Occupancy monitoring plays a key role in building automation, health, safety, and security. Although developers can piece together suitable people-counting solutions from available components and develop the appropriate algorithms, this can be time consuming and costly. Amid heightened expectations for faster delivery of solutions with more sophisticated and up-to-date capabilities and features, including support for social distancing requirements, a simpler, faster approach is required.

Figure 1. In Analog Devices’ EagleEye trial kit, a DSP subsystem acquires and processes images using the ADSW4000 EagleEye PeopleCount algorithm running on a member of Analog Devices’ ADSP-BF707 Blackfin DSP series. (Image: Analog Devices)

Why Occupancy Monitoring Matters

The ability to monitor the number of individuals, their location, and their movement within a building is finding an expanding role in multiple applications. During pandemic surges, this capability helps ensure that occupants can maintain safe separation in indoor spaces.

Beyond optimizing use of building spaces and aiding social distancing, however, an active measure of occupancy has become essential to throttle escalating energy consumption. According to the World Green Building Council, energy used to light, heat, and cool buildings accounts for 28% of worldwide carbon emissions.

Globally, national strategies to reduce climate-affecting carbon emissions target more efficient building energy utilization as central to the planning.
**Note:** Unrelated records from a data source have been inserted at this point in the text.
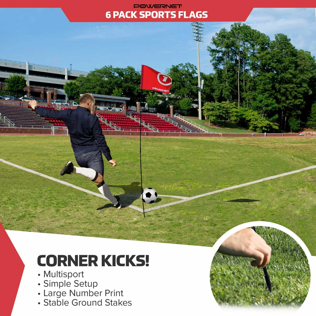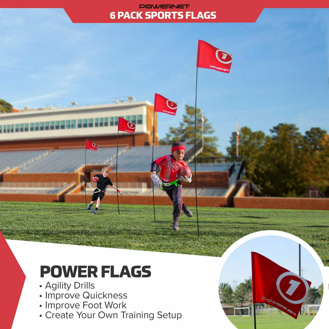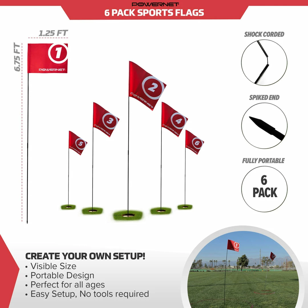 The PowerNet 6 Pack Sports Flags are perfect for golf, soccer, football and other sports! Coaches can easily address the field to make it easier to run drills with their teams. The height, number and color are designed to be visible from anywhere on the field.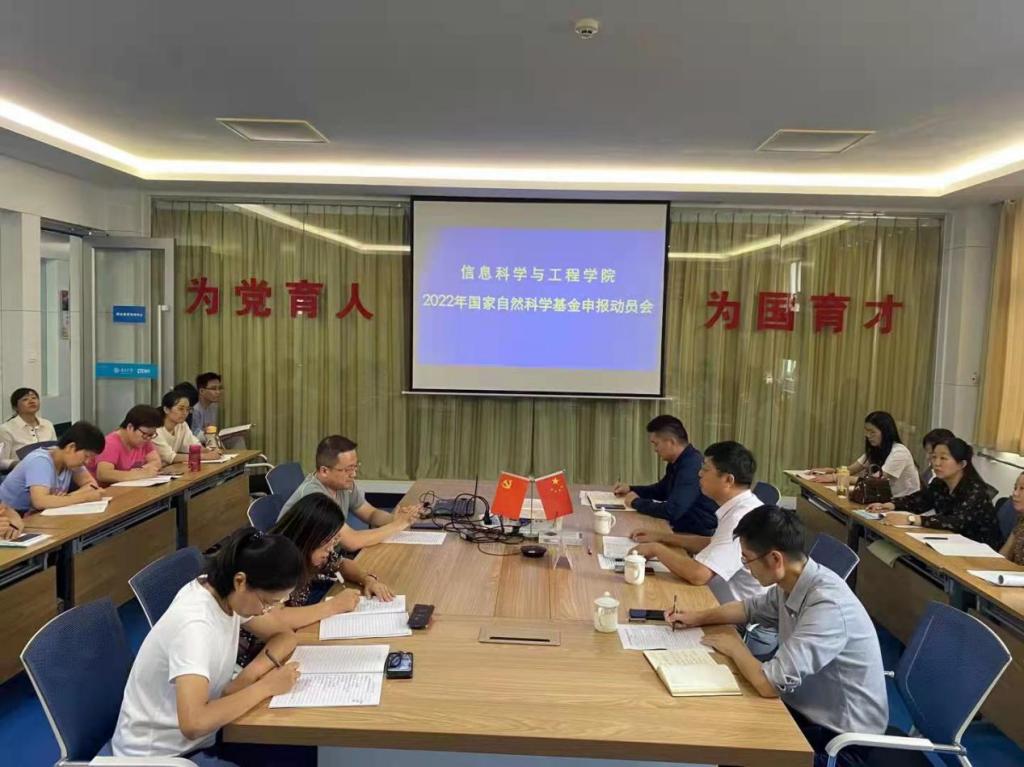 10月6日下午,信息科学与工程学院2022年国家基金申报动员会在墨子楼二楼中兴会议室召开。副校长李目海出席会议并作动员讲话,学院党政领导、全体专任教师参加会议,会议由院党总支副书记查明主持。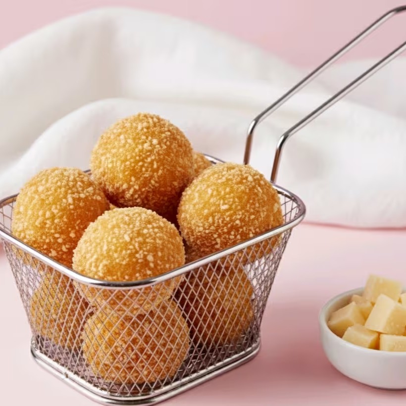 Porção de 15und de bolinha de queijo, Peso médio de22gr, empanadas na farinha Panko e fritas no momento do pedido.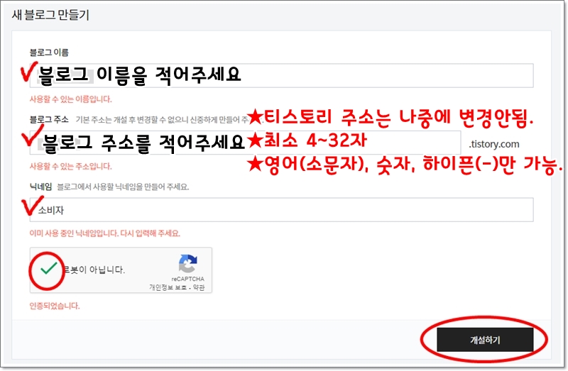 3. 블로그이름, 주소, 닉네임 넣고 로봇아님 체크하고 [개설하기] 누른다.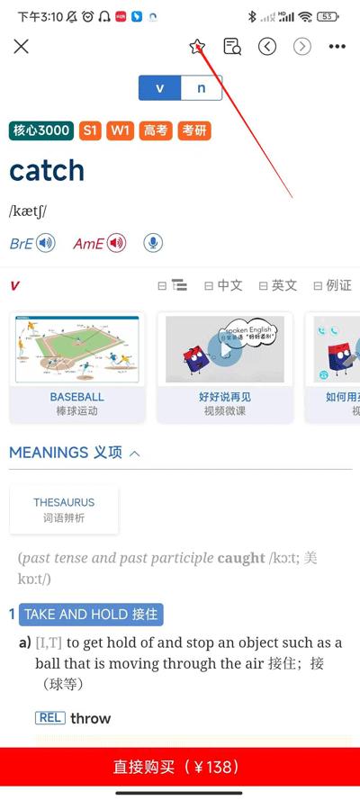 3、点进翻译界面可以详细的看到单词的音标、义项、例句、使用频率,点击左上角的五角星按钮还可以将其保存至生词本。(保存功能需要登录后才可使用)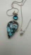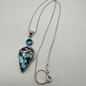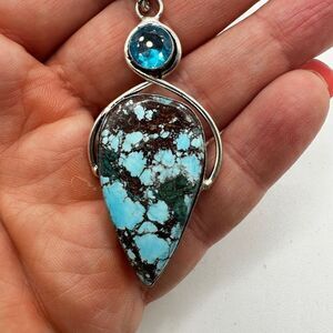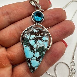 The pendant by itself is marked 925 on the bale. It's about 2.5" long, with a 35x21mm turquoise cabochon (pear shaped) and a 7mm swiss blue topaz.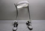 | Pair of child's saddle shoes with polio brace attached, vintage item. |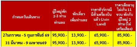 กำหนดวันเดินทาง : มกราคม 2569 - เมษายน 2569
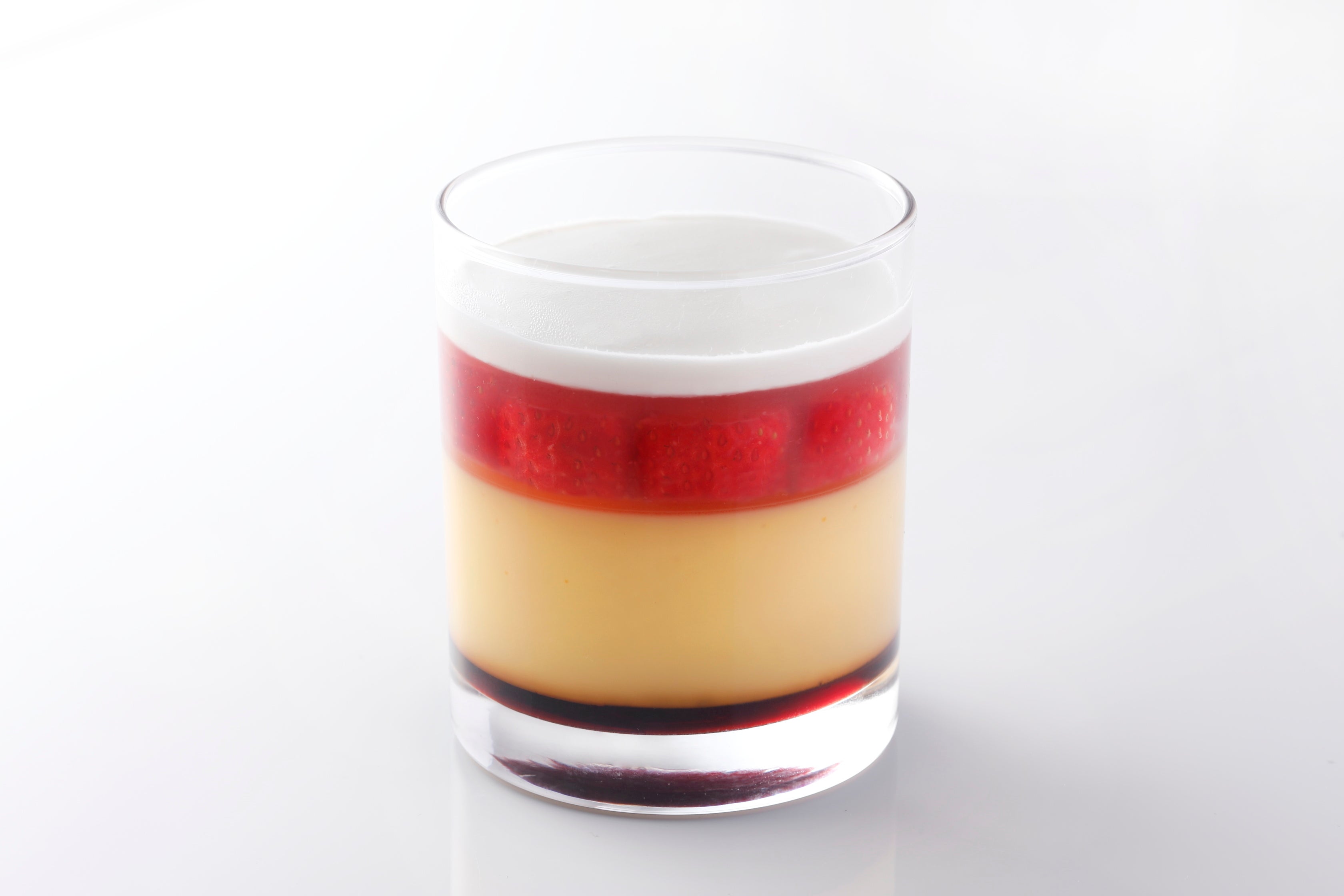 クリーム・プリン・カラメルの調和が心地よい滑らか食感のプリンに「博多あまおう® 」の甘みを閉じ込めた層をプラス。

For individual companies, reduced energy consumption offers direct benefits to their bottom line, as well as their employees’ well-being.

Implementing an Occupancy Sensing Solution

The design and implementation of an automated occupancy sensing solution requires expertise in multiple areas in order to combine sensors, low-power processors, and connectivity with accurate people-counting algorithms into full applications, able to respond instantly as people enter and leave indoor spaces.

This takes time and resources to develop and support. Analog Devices offers a pre-packaged solution: the ADSW4000 EagleEye, a complete 2D vision sensor-based, low-power, low-bandwidth drop-in platform designed specifically to provide updated data to optimize space utilization and minimize energy consumption. The kit comprises the Analog Devices’ proprietary People-Count algorithm running on a member of Analog Device’s ADSP-BF707 series of Blackfin digital signal processors (DSPs). The EagleEye delivers utilization data for separate indoor spaces, allowing companies to balance office space utilization and energy consumption for maximum utility.

Because it performs its image analysis and people-counting tasks solely on the Blackfin processor, the EagleEye algorithm ensures that all images remain local, so no personally identifiable information ever leaves the platform, conforming with a growing body of worldwide privacy regulations. In fact, results generated by the Blackfin processor are limited to a data package containing the number of people in a monitored region of interest (ROI), their (x, y) location in that region, and whether or not they are on the move.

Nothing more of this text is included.